From Joshua Johnson
London 13 April 1792
The annexed is the Copy of a letter I had the honor to write you on the 6th. Idem by the brig Mary Captn. McKenzie, via Maryland, and to which I pray your reference.—Mr. G. Morris is still in London. I hear that he means to leave in a week or ten Days. I forward you all the Newspapers and a Pamphlet published on the Income and Expenditure of this Country; the News Papers will give a proper Idea of Occurrences in Europe, I need not therefore add any thing more on those Subjects from which it appears too evident that an European War will inevitably take place before Affairs can be arranged and settled: as yet we have not heard what Effect the Account of the Engagement between the English and French Frigate, and the Capture of the latter in the East Indies, has had on the National Assembly.—I do not see any regulations in the Consular Bill which had passed the Senate respecting the Entry and Clearance of American Ships, and their Seamen. This is however highly necessary, and the sooner the better.

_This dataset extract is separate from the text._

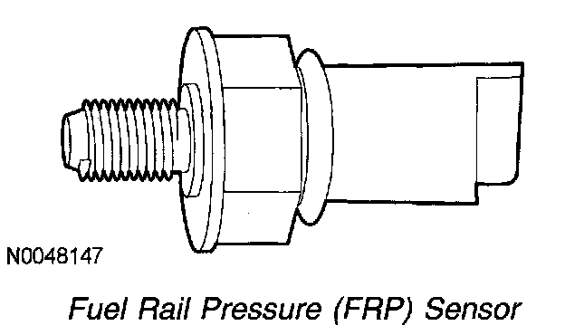 The FRP sensor is located on the fuel rail, and provides a feedback signal to indicate the fuel rail pressure to the PCM. The PCM uses the FRP signal to command the correct injector timing and pulse width for correct fuel delivery at all speed and load conditions. The FRP sensor, along with the fuel volume regulator (part of the fuel injection pump), form a closed loop fuel pressure control system. An electrically faulted FRP sensor results in the deactivation of the fuel injection pump. Fuel pressure to injectors is then provided only by the FP assembly. When the fuel injection pump is de-energized and the injectors are active, the fuel rail pressure is approximately 70 kPa (10 psi) lower than FP assembly pressure due to the pressure drop across the fuel injection pump. Thus, if the FP assembly pressure is 448 kPa (65 psi), then the fuel rail pressure would be approximately 379 kPa (55 psi) if the injectors are active.
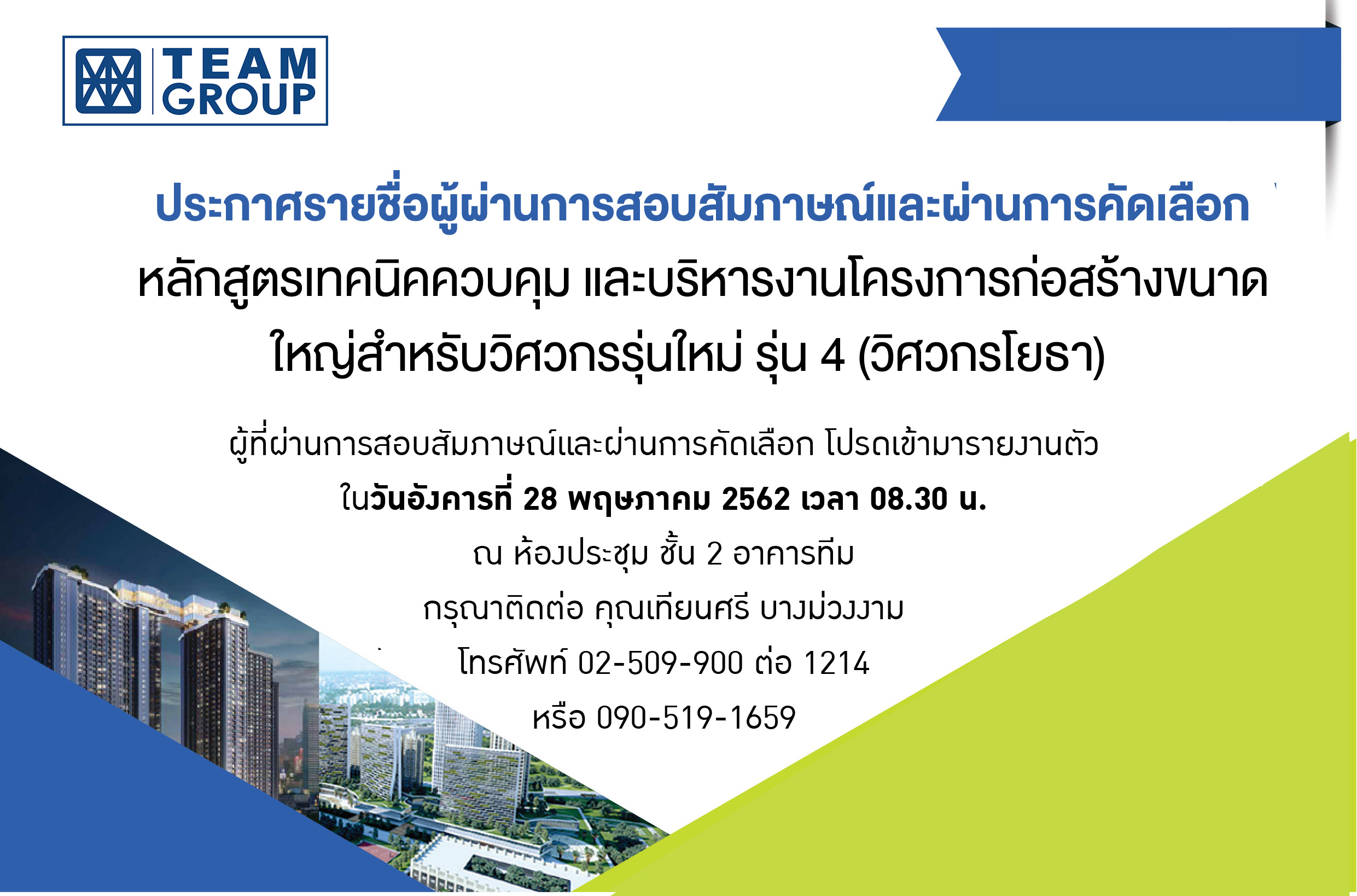 ขณะนี้ การสอบสัมภาษณ์ได้เสร็จสิ้นแล้ว จึงขอประกาศรายชื่อผู้ผ่านการสอบสัมภาษณ์และผ่านการคัดคัดเลือกเพื่อให้เข้าร่วมหลักสูตรเทคนิคควบคุมและบริหารงานโครงการก่อสร้างขนาดใหญ่สำหรับวิศวกรรุ่นใหม่ รุ่น 4 (วิศวกรโยธา) โดยมีรายชื่อ (ดังเอกสารแนบ ประกาศรายชื่อผู้ผ่านการสอบสัมภาษณ์และผ่านการคัดเลือก) ทั้งนี้ผู้ผ่านการสอบสัมภาษณ์และผ่านการคัดเลือกตามรายชื่อข้างต้น โปรดเข้ามารายงานตัว ในวันอังคารที่ 28 พฤษภาคม 2562 เวลา 08.30 น. ณ ห้องประชุม ชั้น 2 อาคารทีม ที่ 151 ถนนนวลจันทร์ แขวงนวลจันทร์ เขตบึงกุ่ม กรุงเทพมหานคร กรุณาติดต่อกลับมายัง คุณเทียนศรี บางม่วงงาม โทรศัพท์ 02-509-900 ต่อ 1214 หรือ 090-519-1659

The rigid Conduct of the Custom, and Excise Officers, towards the American Captains, has been, and is a continual Complaint; sometime since I wrote the Commissioners of the Customs, and proposed to them to appoint a place to deposit all their Stores whilst in Port, and to be returned them on Clearance, which they rejected. As this must appear fair to every one, I cannot refrain from recommending that strictness should be observed by your Revenue officers towards the English Captains, who I am informed take out large Quantities of Liquors &ca. under the head of Stores, and dispose of them in the United States.
Inclosed you have a Copy of my Letter to the Commissioners, and their Answer.—I am in hopes that Mr. Pinkney will appear soon, after which, and I have had an Interview with him, I will write you fully, in the mean time I am with Consideration, and Respect Sir Your most obedient and most Humble Servant,
RC (DNA: RG 59, CD). Recorded in SJL as received 13 June 1792. Enclosures: (1) Johnson to Commissioners of Customs, 9 Jan. 1792, recommending the allotment of “some place under his Majesty’s entire Control to deposit all Stores belonging to the Ships of the United States over and above their actual Wants during their stay in Port” (same). (2) James Hume to Johnson, [?] Jan. 1792, stating that the Commissioners of Customs had rejected Johnson’s recommendation, “the Commissioners having one fixed and established Rule which attaches upon all Ships arriving from Foreign Parts, in respect to their Stores” (same). (3) Johnson to TJ, 6 Apr. 1792 (Dupl in same).
The pamphlet Johnson sent TJ, the original text of which is now missing, was Robert Rayment, The Income and Expenditure of Great-Britain of the Last Seven Years, Examined and Stated (London, 1791). See Sowerby, description begins E. Millicent Sowerby, comp., Catalogue of the Library of Thomas Jefferson, 1952-1959, 5 vols. description ends No. 2949.